> **What is needed**: Take the lines below from the one with "チョコレートサブレの上にコー" through the one with "分享会开始,党委书记李红捷首" and print only them, exactly. Don't print the pictures.

> **Records contained in a dataset**:
- - -
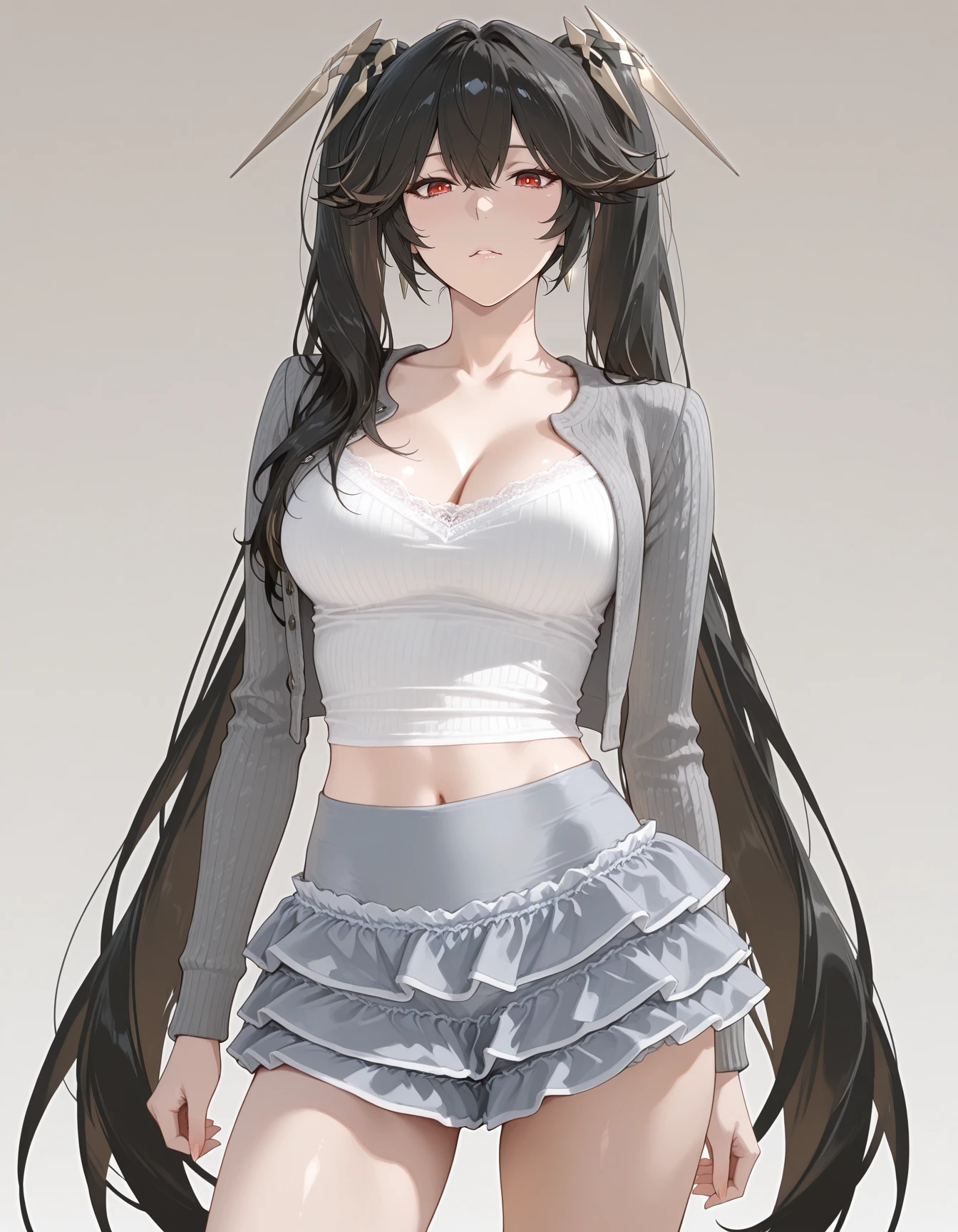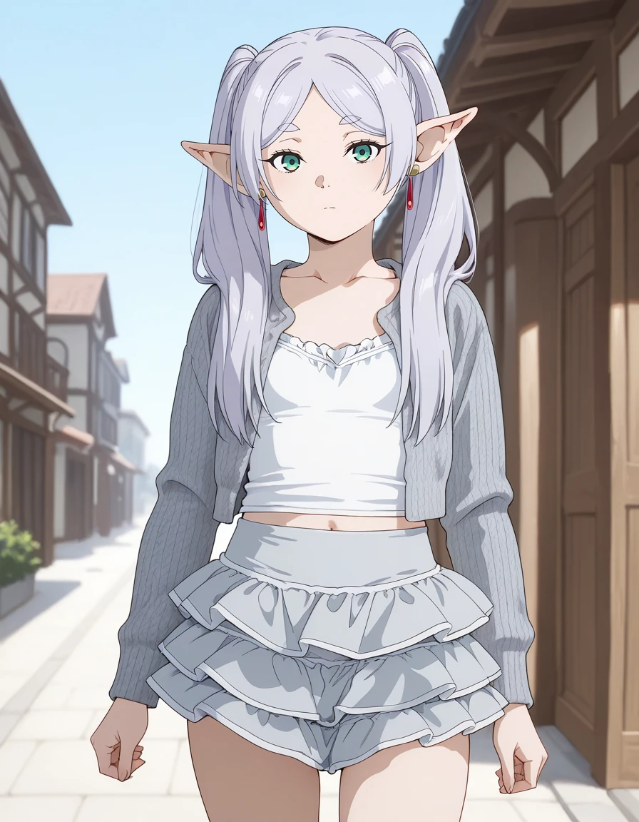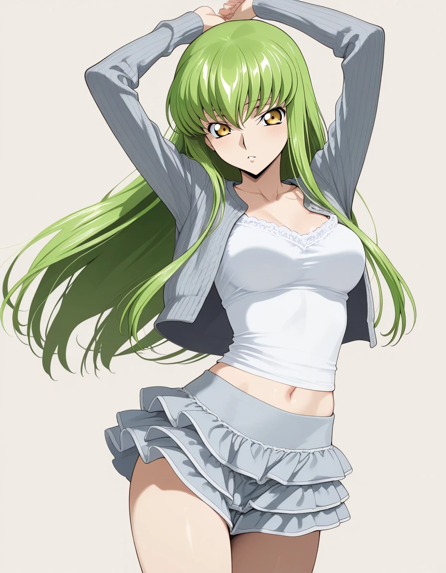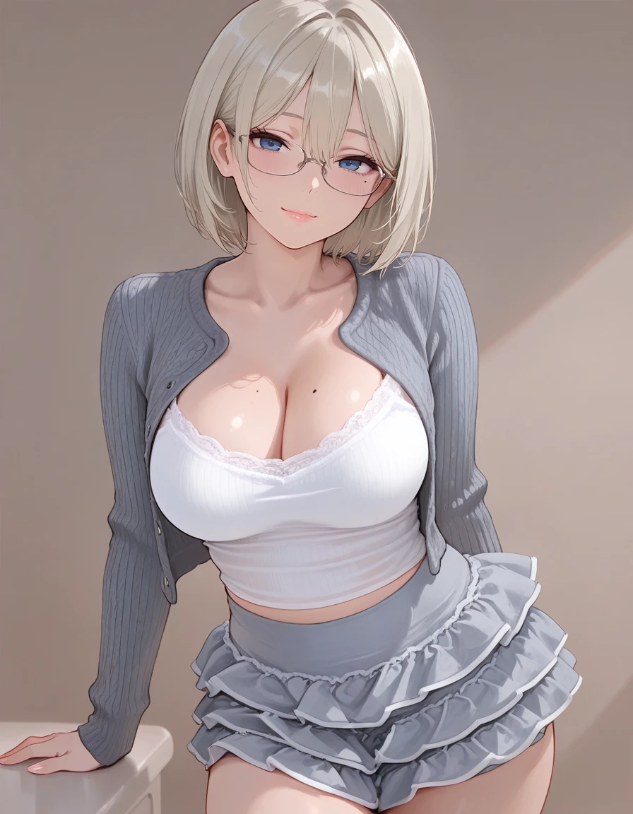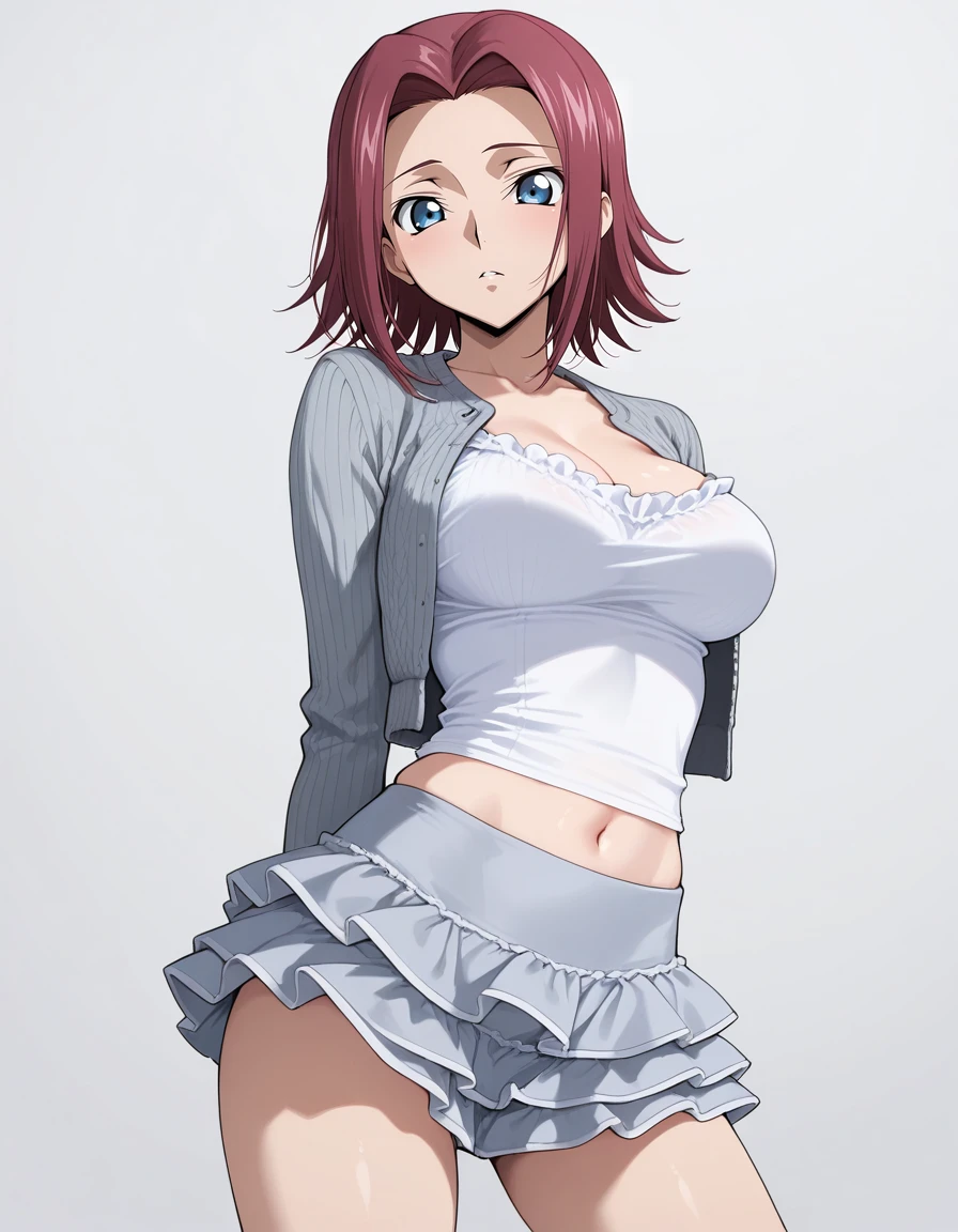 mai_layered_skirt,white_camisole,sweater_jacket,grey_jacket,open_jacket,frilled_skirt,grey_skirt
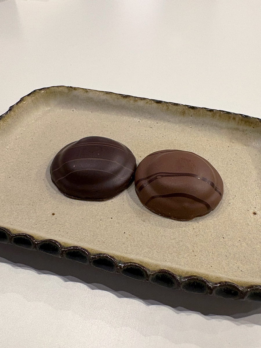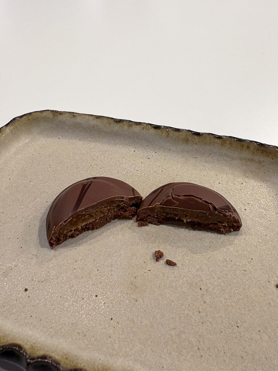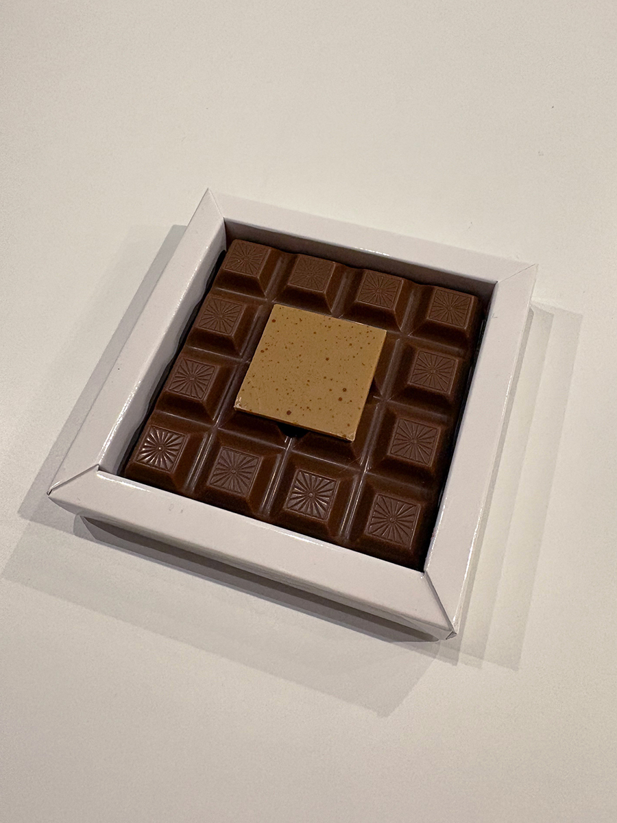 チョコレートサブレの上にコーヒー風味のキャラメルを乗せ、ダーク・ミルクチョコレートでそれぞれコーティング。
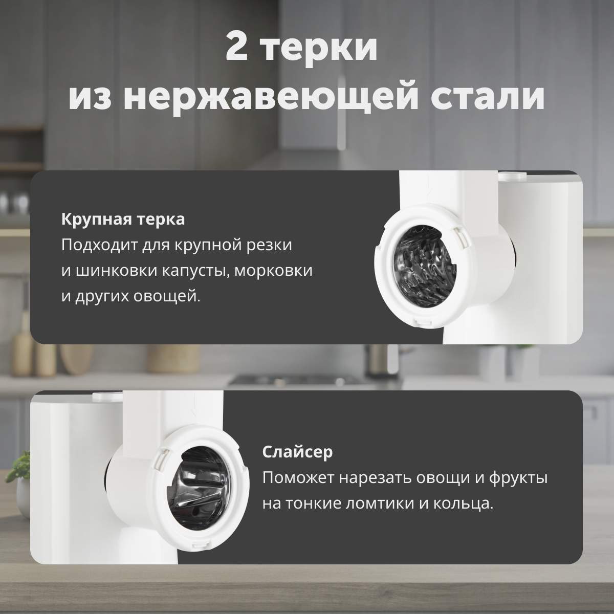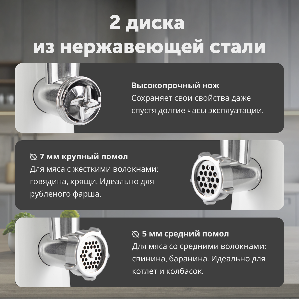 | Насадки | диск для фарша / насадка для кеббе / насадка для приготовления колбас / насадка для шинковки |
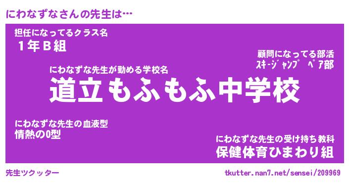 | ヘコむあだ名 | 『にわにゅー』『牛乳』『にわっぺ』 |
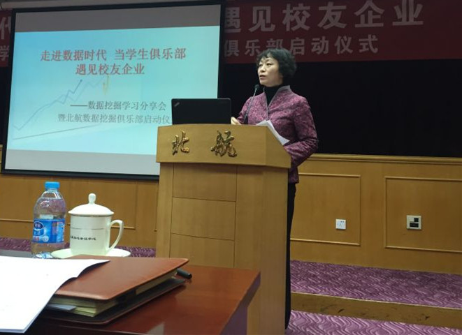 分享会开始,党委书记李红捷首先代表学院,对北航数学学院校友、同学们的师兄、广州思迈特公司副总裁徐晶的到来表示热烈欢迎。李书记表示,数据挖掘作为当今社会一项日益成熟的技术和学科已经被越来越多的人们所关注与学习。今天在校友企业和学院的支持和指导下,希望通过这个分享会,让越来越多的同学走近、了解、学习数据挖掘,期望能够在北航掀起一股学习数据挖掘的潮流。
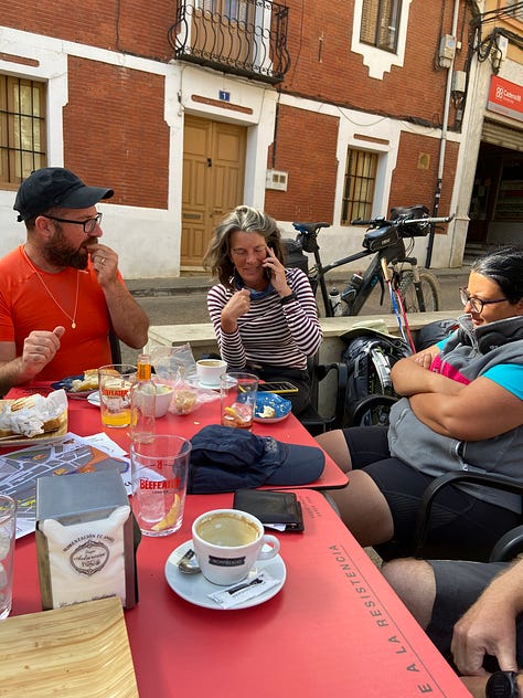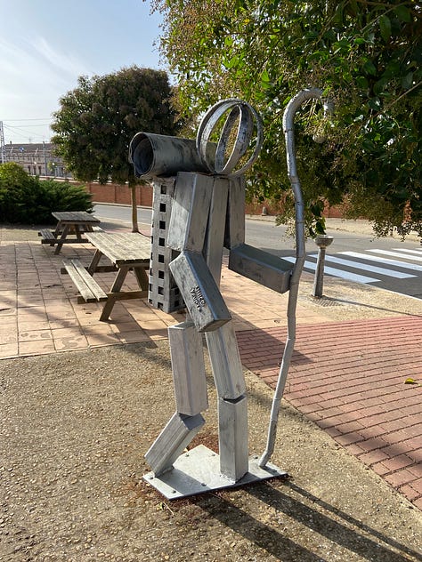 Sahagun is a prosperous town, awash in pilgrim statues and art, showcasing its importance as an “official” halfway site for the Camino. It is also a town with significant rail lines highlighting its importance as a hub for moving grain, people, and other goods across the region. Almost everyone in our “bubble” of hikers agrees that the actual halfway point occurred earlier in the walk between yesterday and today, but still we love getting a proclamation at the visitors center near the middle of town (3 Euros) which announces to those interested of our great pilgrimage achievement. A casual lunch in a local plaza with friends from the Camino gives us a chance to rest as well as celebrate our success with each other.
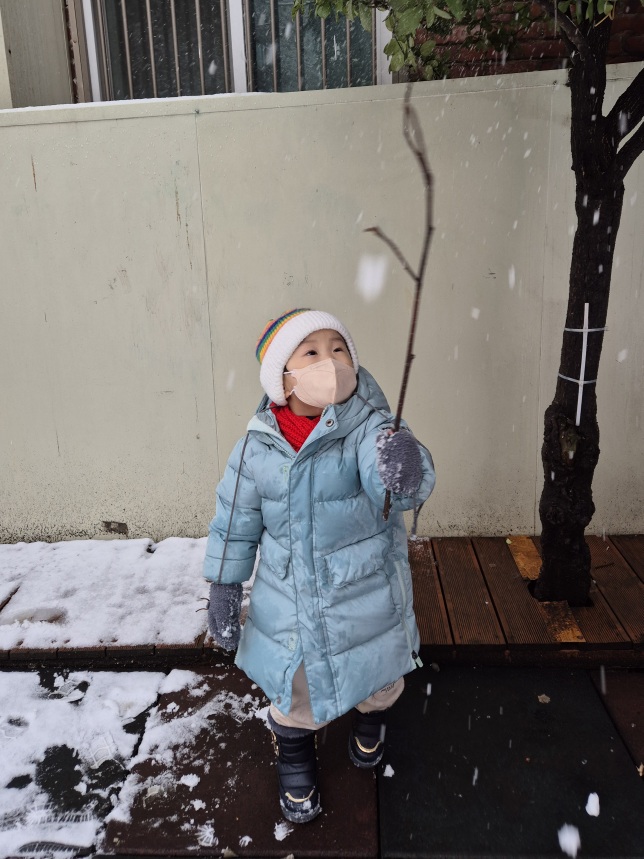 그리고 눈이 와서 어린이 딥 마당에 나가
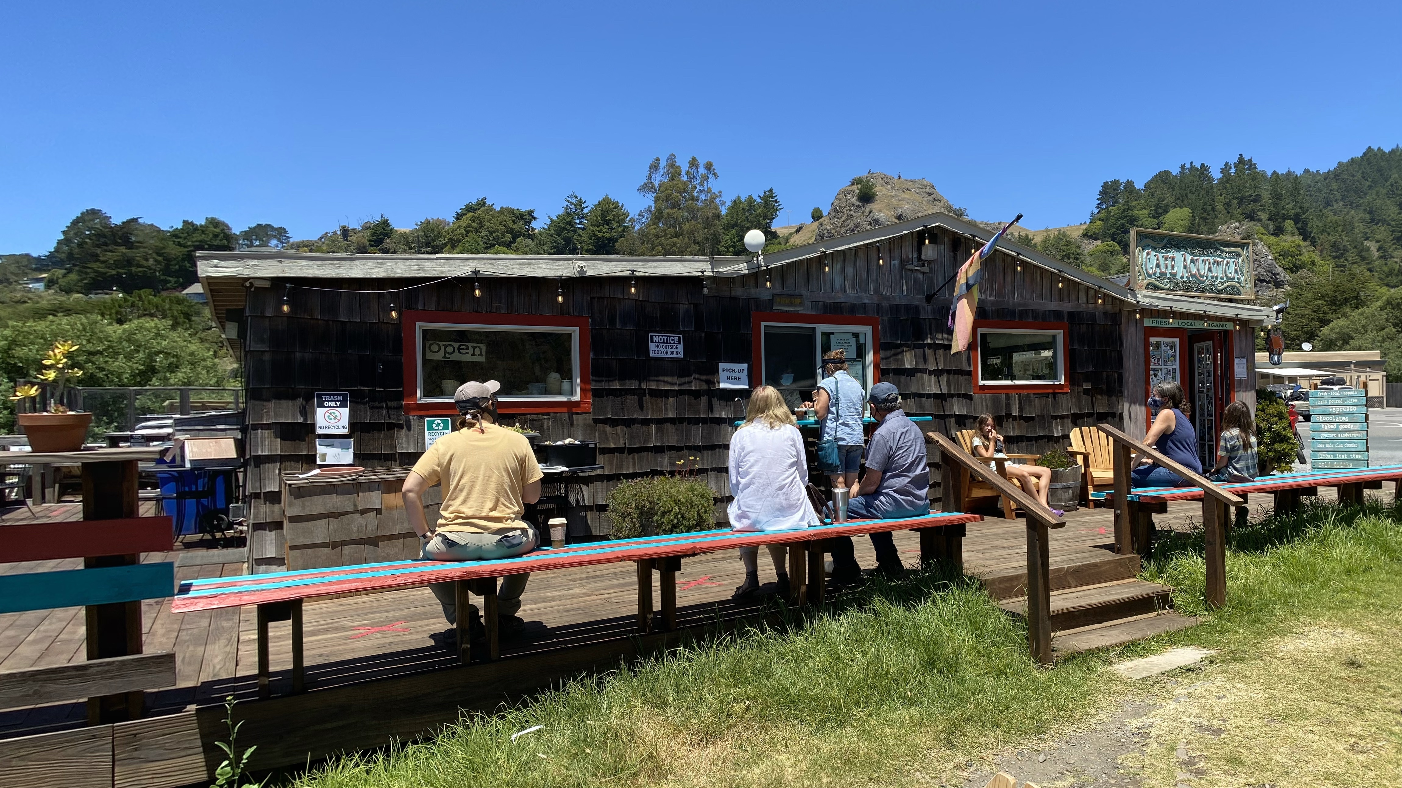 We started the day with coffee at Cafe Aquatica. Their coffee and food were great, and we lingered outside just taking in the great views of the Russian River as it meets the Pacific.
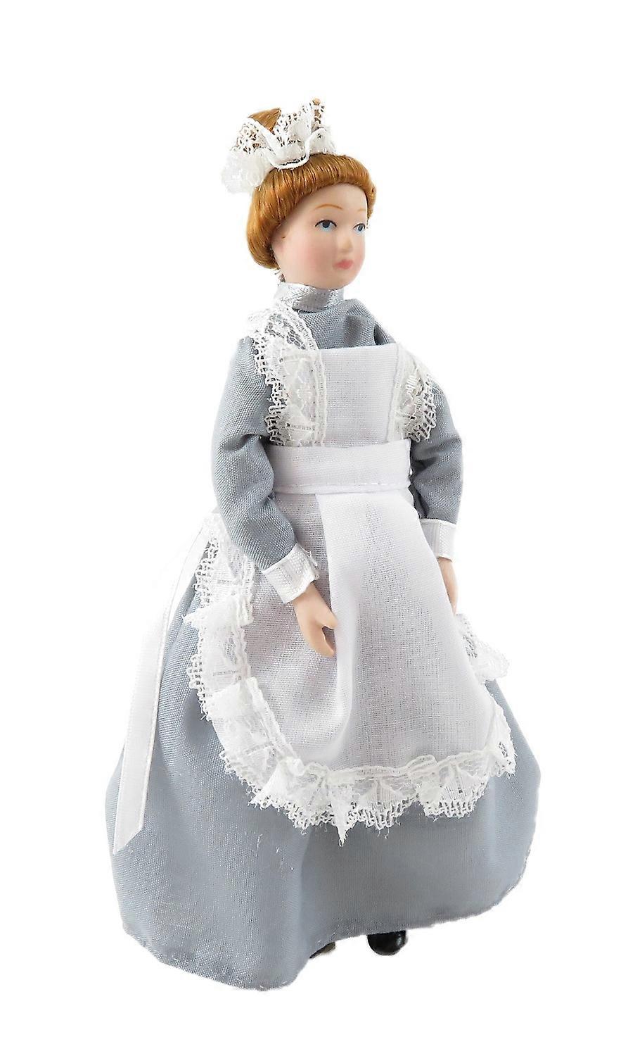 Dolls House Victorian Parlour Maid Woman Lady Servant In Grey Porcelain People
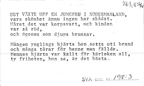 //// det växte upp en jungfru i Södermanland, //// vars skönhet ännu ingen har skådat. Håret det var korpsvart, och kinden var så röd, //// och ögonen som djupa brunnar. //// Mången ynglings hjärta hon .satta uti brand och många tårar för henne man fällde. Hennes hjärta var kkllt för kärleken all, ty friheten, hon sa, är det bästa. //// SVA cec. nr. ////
- - -
> **Task output**:
 チョコレートサブレの上にコーヒー風味のキャラメルを乗せ、ダーク・ミルクチョコレートでそれぞれコーティング。
 | Насадки | диск для фарша / насадка для кеббе / насадка для приготовления колбас / насадка для шинковки |
 | ヘコむあだ名 | 『にわにゅー』『牛乳』『にわっぺ』 |
 分享会开始,党委书记李红捷首先代表学院,对北航数学学院校友、同学们的师兄、广州思迈特公司副总裁徐晶的到来表示热烈欢迎。李书记表示,数据挖掘作为当今社会一项日益成熟的技术和学科已经被越来越多的人们所关注与学习。今天在校友企业和学院的支持和指导下,希望通过这个分享会,让越来越多的同学走近、了解、学习数据挖掘,期望能够在北航掀起一股学习数据挖掘的潮流。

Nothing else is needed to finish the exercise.